Francisco Verdugo (1537–1595), Spanish military commander in the Dutch Revolt, became Maestre de Campo General, in the Spanish Netherlands. He was also the last Spanish Stadtholder of Friesland, Groningen, Drenthe and Overijssel between 1581 and 1594.

==Biography==
He has been described as a brave, courteous and very experienced soldier, who rose from the rank of musketeer, which he held at the siege of Haarlem, to the governor of Frisia.

When he was 20 he participated in the Battle of Saint-Quentin in August 1557.

Nominated Governor of Haarlem in 1573, as an Admiral of the Spanish Fleet he helped to conquer Flanders. In 1576, he became Councillor of State.

After the arrival in Brussels in 1577 of Juan of Austria, (1547–1578, aged 31), the half brother of King Philip II of Spain, Verdugo was promoted to Governor of Breda, and later of Thionville and of the Citadel of Namur. He married in 1578, aged 41, Dorothea von Mansfeld, one of the daughters of Count Peter Ernst I von Mansfeld-Vorderort (1517–1604).

In 1578 he was despatched to Friesland in support of the governor of the province, George de Lalaing, and in 1581 he in turn was appointed Governor and Captain General of the Dutch provinces of Friesland, Groningen, Drenthe and Overijssel. This year he won the Battle of Noordhorn over a Dutch States' army led by the English general John Norreys.

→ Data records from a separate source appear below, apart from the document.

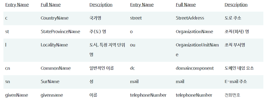 각 사용자나 개체는 고유한 DN(Distinguish Name)을 갖는데, 끝 노드부터 역순으로 올라간다.
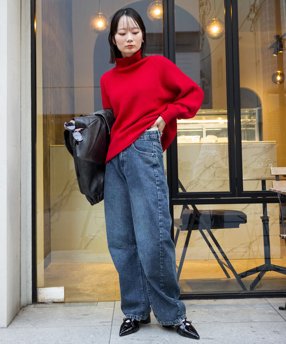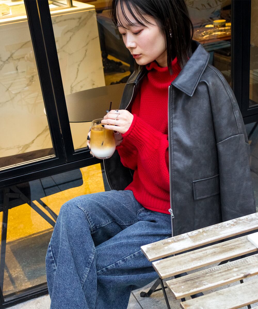 リブ編みの袖口と裾が全体を引き締め、ルーズになりすぎないバランスの良いシルエットに。
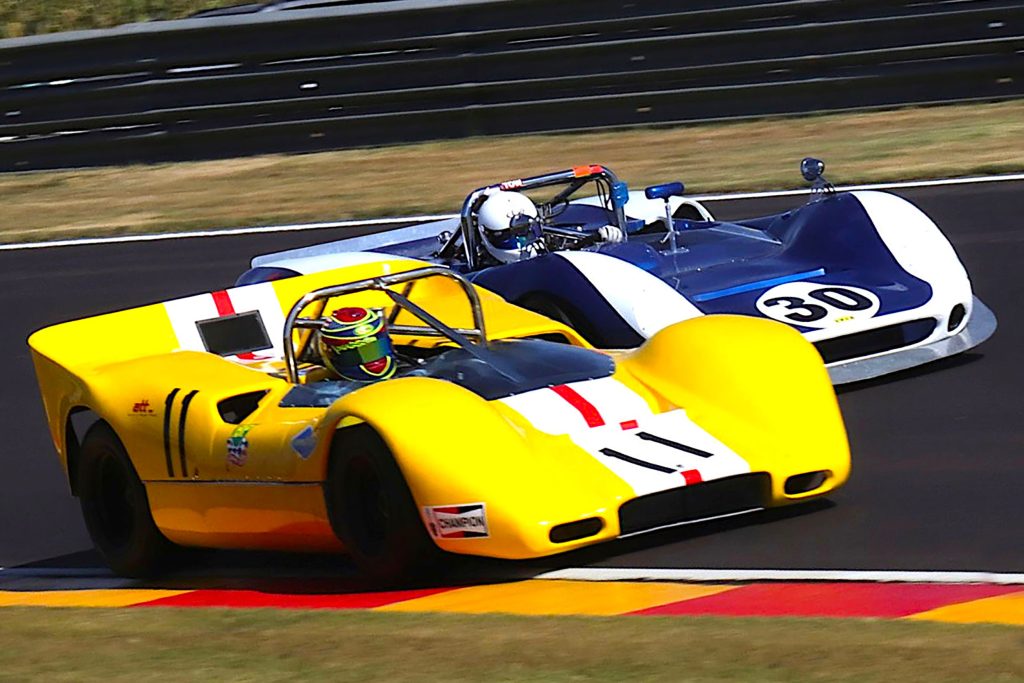 Even closer to those great original endurance races, the 45 minute Le Mans Sports & GT Tourist Trophy adds a compulsory pit stop and voluntary driver change. Headed by international entries from Janne Kling’s Ford GT40, Michiel Campagne and Frans van Maarschalkerwaard’s Daytona Cobra and Patrick Mortier driving an AC Cobra with Ryan Quan-Chai, their job will not be easy, knowing the TT winning habits of the local likes of Warren Lombard’s AC Cobra, Jonathan and Mark du Toit’s Ford GT40 and James Temple’s Daytona Cobra. Add Peter Bailey and Oliver Dalais’ Ford GT40s, Michael Kernick and Marc Miller’s Ford Daytona, Allen Meyer’s Chevron B8 and Robbie Frank in a Lotus 23B and Josh and Jake Dovey’s Ginetta G4R.
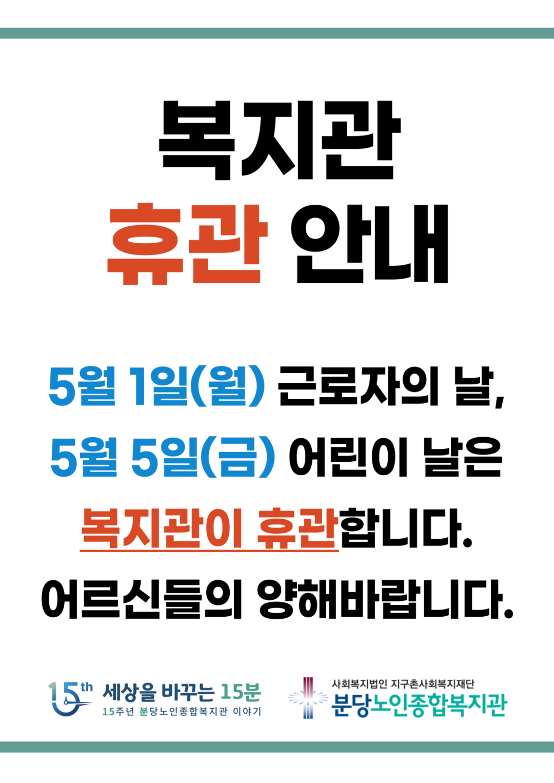 제목복지관 휴관안내(5/1(월) 근로자의날, 5/5(금) 어린이날) 카테고리 전체 작성자관리자 조회수434작성일2023.04.26 첨부파일 휴관안내_근로자의날_-어린이날__-001.png
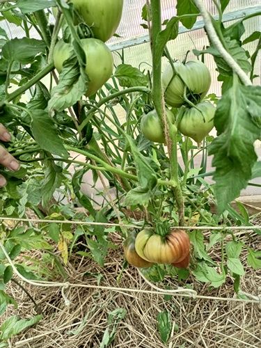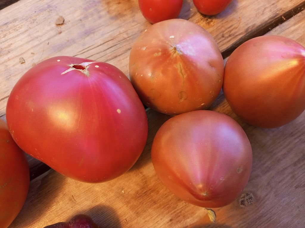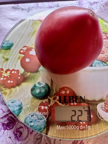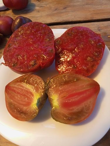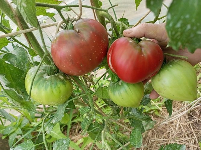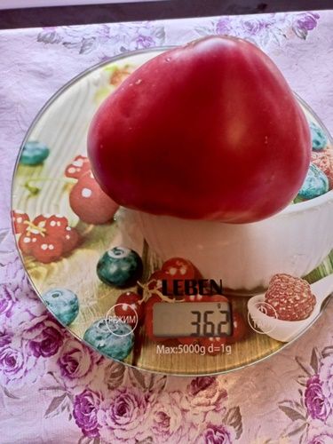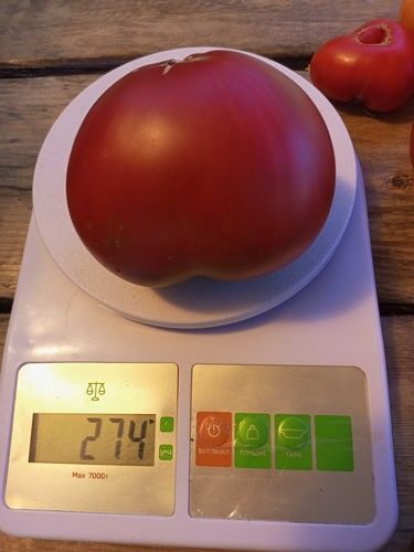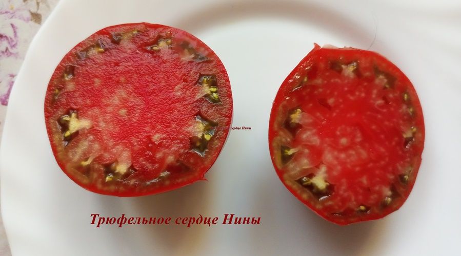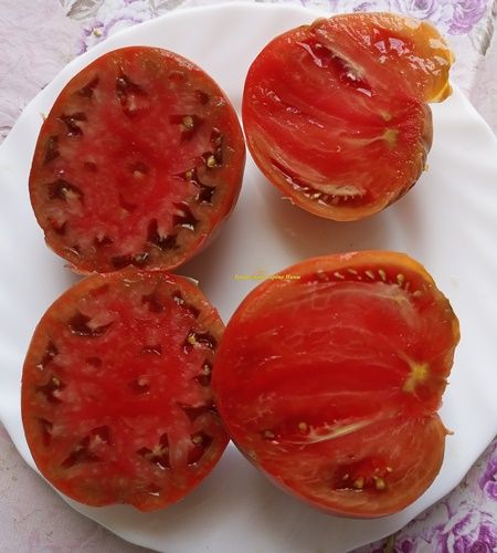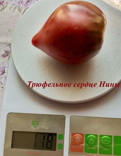 Индетерминантный, среднеспелый сорт. Плоды сердцевидные, с небольшой ребристостью, бордово-коричневого цвета, вес 100-350 грамм. Мякоть плотная, вкус со сладостью.
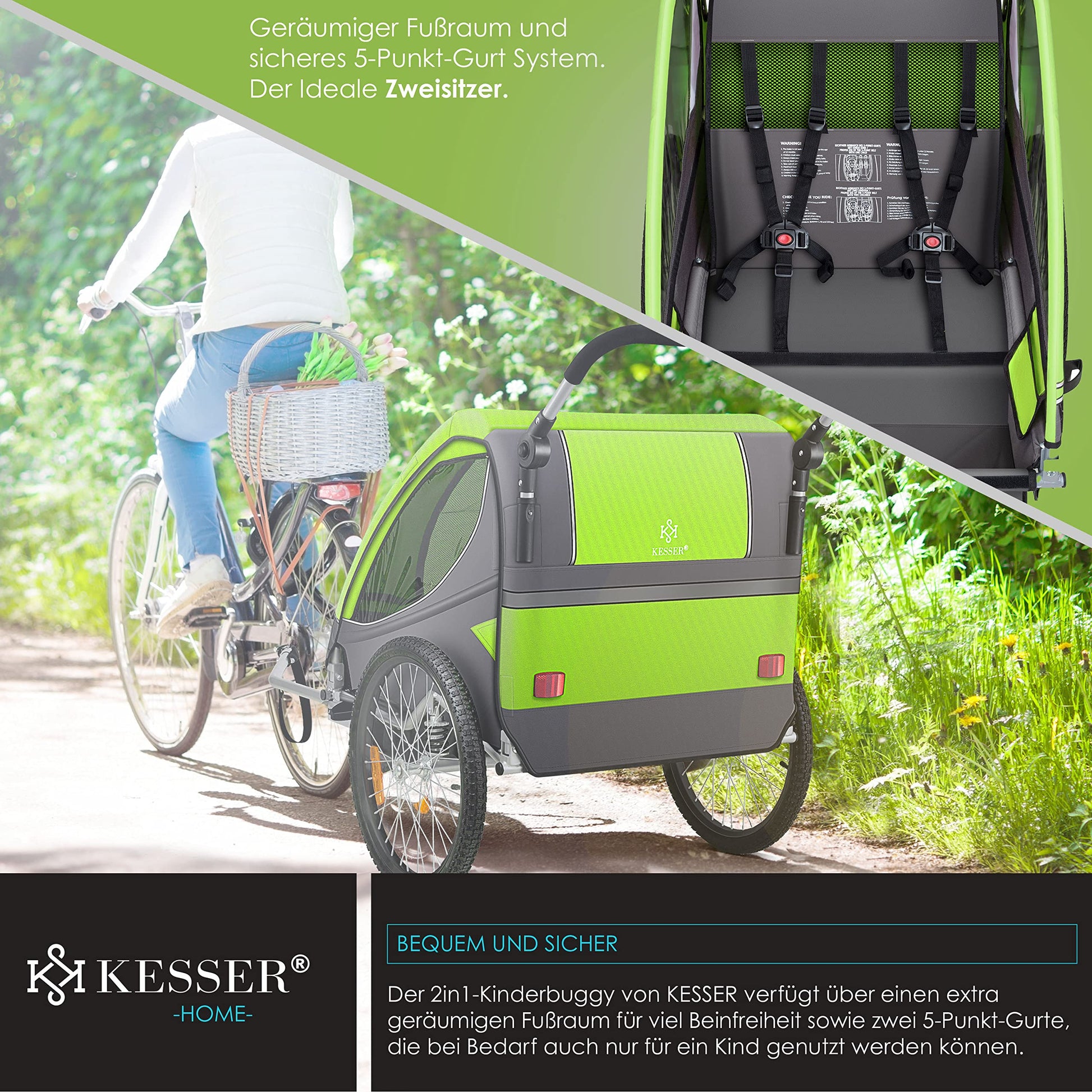 • 𝐒𝐈𝐂𝐇𝐄𝐑𝐇𝐄𝐈𝐓: Reflexstreifen und Reflektoren Vorne, Hinten sowie am Aufbau garantieren eine optimale Sichtbarkeit im Straßenverkehr. Die Parkbremse sowie das 360°-Vorderrad machen den Fahrradanhänger besonders leicht zu manövrieren und geben Ihnen die Kontrolle, die Sie benötigen. Der klappbare Griff macht den Transport noch einfacher. Das 5-Punkt Gurtsystem bietet maximale Sicherheit und Komfort für Ihre Kinder, damit sie nicht verrutschen oder fallen können.
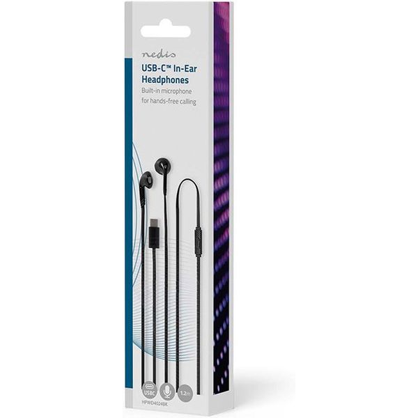 nedis hpwd4024bk wired earphones usb c built in microphone black photo
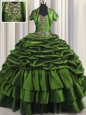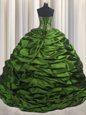 Home >  Quinceanera Dresses >  Perfect Quinceanera Dresses > Green Sleeveless With Train Beading and Appliques and Pick Ups Lace Up Sweet 16 Dresses
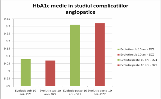 In schimb la o evolutie de peste 10 ani, media valorii hemoglobinei glicozilate masurate a crescut semnificativ (9.31), existand deci o legatura intre valoarea HbA1c masurata si evolutia complicatiilor pe termen lung.
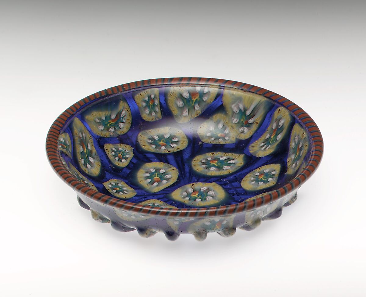 This ribbed bowl was made by fusing cross-sections of glass cane (murrine) into a sheet and forming it with a mold, a revived ancient technique called mosaic glass. Seven tiny faces surround a tulip-like flower at the center of each of the twenty-nine murrine.
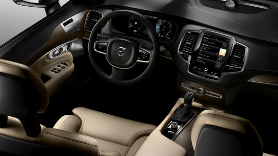 Potrivit comunicatului oficial emis de Volvo, noul XC90 beneficiază de cel mai luxos interior construit vreodată de scandinavi. Totul este reunit în jurul unei console de control cu ecran tactil, asemănătoare unei tablete, care formează inima unui sistem multimedia construit şi el de la zero. Acest sistem este lipsit de butoane și poate accesa o serie de produse și servicii bazate pe Internet.
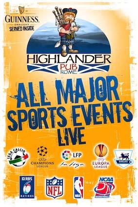 Le Highlander est un pub écossais agréable situé en plein coeur du centre historique de Rome - ouvert 365 jours par an! Si vous voulez apprécier une bonne bière, soutenir votre équipe, ou tout simplement vous plonger dans une ambiance écossaise .... Ceci est l'endroit pour vous!
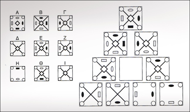 Τοποθετήστε το κατάλληλο τετράγωνο στην κενή θέση, ώστε να ολοκληρωθεί η πυραμίδα.
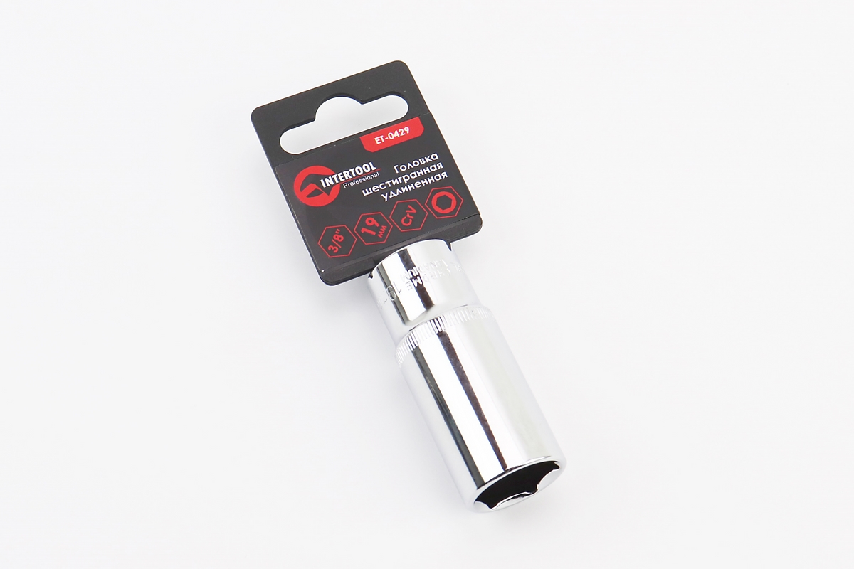 Головка торцева 6-гранна подовжена 3/8″ 19мм CrV ET-0429
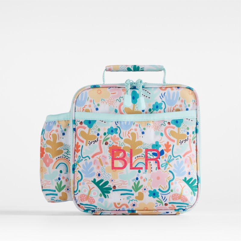 A fun and functional lunch box that's built to handle all the thrills and spills of the day. A colorful collection of garden friends flit and flutter over the bag's bright white exterior, and light aqua trim gives it a fresh flourish. Constructed of food-safe and supremely durable polyester made from recycled water bottles, our lightweight, easy-clean lunch box is roomy enough to hold multiple storage containers. Plus, it's insulated to keep meals just the way your kid likes them—hot, cold or somewhere in between. An outer pocket safely stows a napkin, utensils, daily reminder notes and more, and a designated water bottle pocket ensures their drink is always close at hand. Pair the floral lunch box with the matching Flower Garden backpack and water bottle to grow their collection.

In 1582 he was forced to lift the siege of Lochem upon that city's relief. In 1586 he successfully commanded Spanish forces at the Battle of Zutphen. But from then on, he lost more and more terrain to Maurice of Nassau, Prince of Orange and William Louis, Count of Nassau-Dillenburg until by 1595, he had only the city of Groningen and Twente left. He was unable to prevent Coevorden from surrendering in September 1592. In an effort to retake the city the following year he was forced to withdraw after an Anglo-Dutch relief force arrived. Finally he was also unable to prevent Groningen from falling on 22 July 1594, and was thus recalled from Friesland by Archduke Ernest of Austria.

After his recall he wrote a Commentario de la guerra de Frisa justifying his actions. There were plans to appoint him governor of the citadel at Antwerp at the time of his death.

He died on 22 September 1595 and was buried in the same grave as his wife, in the Convent of Sancti Spiritus (Orden de Santa Clara) in Luxembourg.